Some questions that I have with this:

  • Does this mean that if I do end up passing the closure to something (e.g., an Iterator method), I can get errors all of a sudden?
  • Will drop(acc) appropriately indicate that add needs to be dropped first?
  • Do the unsafe guidelines need updated for what can be done with "smuggled" parameters? For example, if a shared ref gets stored into some other vector:
let mut store: Vec<&_> = Vec::new();
let mut add = |v| { acc.push(Ok(v)); store.push(acc) };
if cond1 {
    add(/* implicit: &mut add, */ x1);
    add(/* implicit: &mut add, */ x2);
}
if unlucky {
    acc.push(Err(e)); // Does the `store` borrow get tracked here?
}
if cond2 {
    add(/* implicit: &mut add, */ y3);
}
drop(acc); // Allowed?
1 Like

Very good questions!

Does this mean that if I do end up passing the closure to something (e.g., an Iterator method), I can get errors all of a sudden?

Yes.

Will drop(acc) appropriately indicate that add needs to be dropped first?

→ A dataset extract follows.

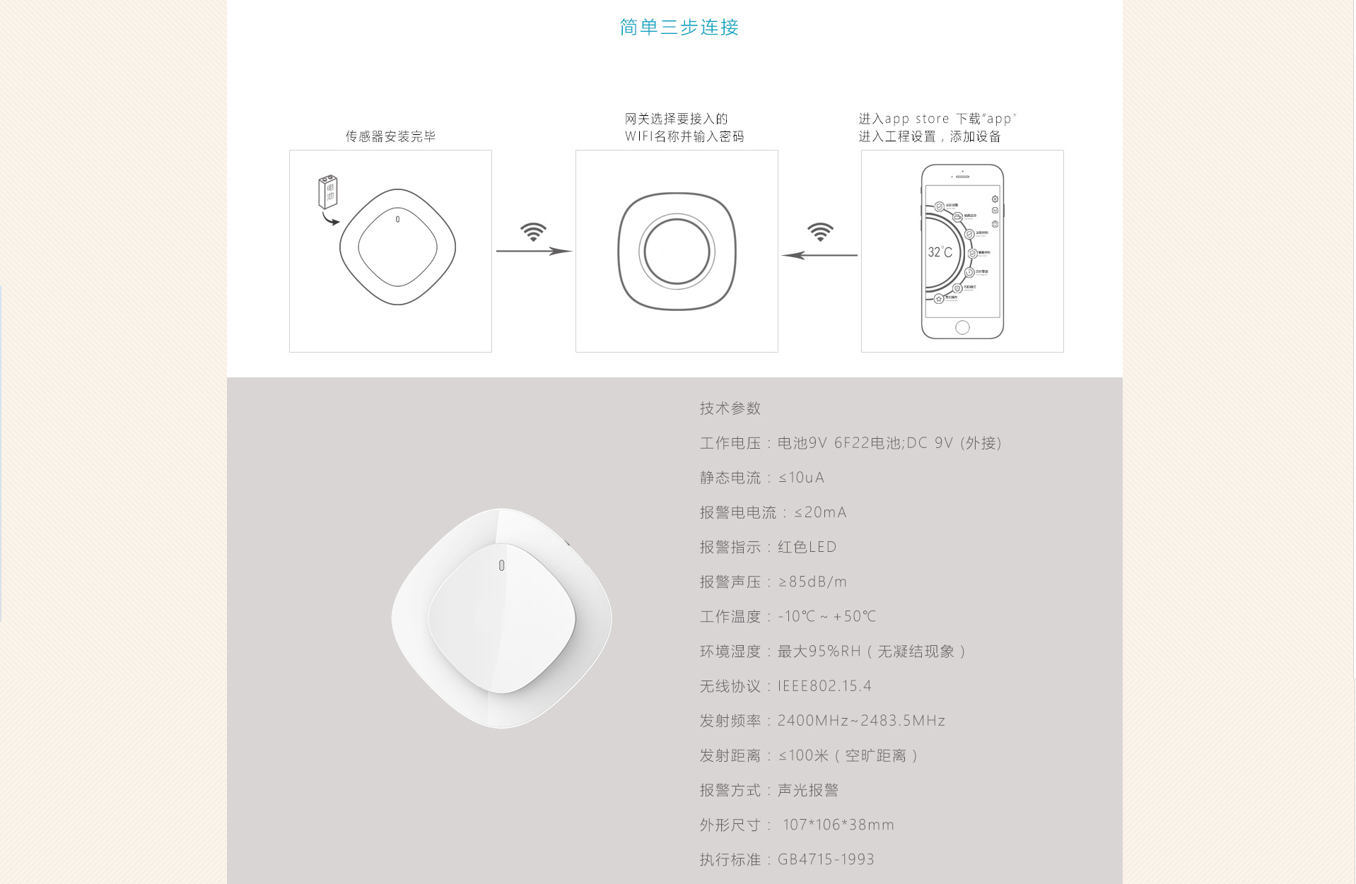 将电池安装于探测器的电池盒中,接通电源,报警指示灯闪亮一秒后,探测器进入自检状态,指示灯每20秒红色闪烁一次,报警状态时,指示灯每秒红色闪烁一次。产品安装完成后,按测试键测试产品是否正常工作,指示灯红灯闪烁,网关报警,可以将烟雾直接吹入探测器来测试产品性能是否正常。

I think it'd behave just like use of multiple variables, so it depends where you use them:

let acc = Vec::new();
let add = |v| acc.push(v);
add(1)
drop(acc);
add(2);

desugars to:

let acc = Vec::new();
add(&mut acc, 1);
drop(acc);
add(&mut acc, 2);

so you get diagnostics like for the desugared code block (can't borrow in add after move to drop).

if a shared ref gets stored into some other vector:

Is this even allowed? It requires borrowing for a lifetime longer than the closure's. But yeah, it's a tricky case. Perhaps arguments escaping from the closure should also prevent coercion/desugaring to the implicit-reborrow closure type.

Seems that it is already disallowed. So unsafe probably also needs to adhere to such guidelines.

fn main() {
    let mut store = Vec::new();
    let mut acc = Vec::new();
    let mut add = |v| { acc.push(v); store.push(&acc); };
    add(1);
    add(2);
    println!("store: {}", store.len());
    println!("acc: {}", acc.len());
}
error[E0521]: borrowed data escapes outside of closure

They are limited in that they are always inlined. Not bad per se, but not ideal, either.